[TASK DETAILS]
Two lines mark the range in the entries below: the one holding "特に地デジ対応の液晶テレビに注目が集まった(北支店)" and the one holding "คาเฟ่ลิลกลางป่า". Set down those two and all lines between them, exactly.

[RECORDS FOR THIS TASK]
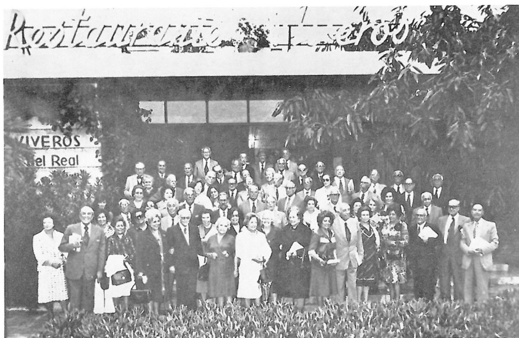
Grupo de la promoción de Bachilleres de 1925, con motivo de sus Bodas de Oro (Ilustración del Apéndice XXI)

--

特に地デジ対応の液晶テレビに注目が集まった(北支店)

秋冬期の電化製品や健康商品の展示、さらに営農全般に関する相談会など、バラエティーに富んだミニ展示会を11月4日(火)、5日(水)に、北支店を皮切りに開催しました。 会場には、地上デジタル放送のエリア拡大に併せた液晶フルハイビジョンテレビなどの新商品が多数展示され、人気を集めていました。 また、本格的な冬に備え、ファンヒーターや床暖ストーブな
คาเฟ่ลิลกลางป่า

[TASK RESULT]
特に地デジ対応の液晶テレビに注目が集まった(北支店)

秋冬期の電化製品や健康商品の展示、さらに営農全般に関する相談会など、バラエティーに富んだミニ展示会を11月4日(火)、5日(水)に、北支店を皮切りに開催しました。 会場には、地上デジタル放送のエリア拡大に併せた液晶フルハイビジョンテレビなどの新商品が多数展示され、人気を集めていました。 また、本格的な冬に備え、ファンヒーターや床暖ストーブな
คาเฟ่ลิลกลางป่า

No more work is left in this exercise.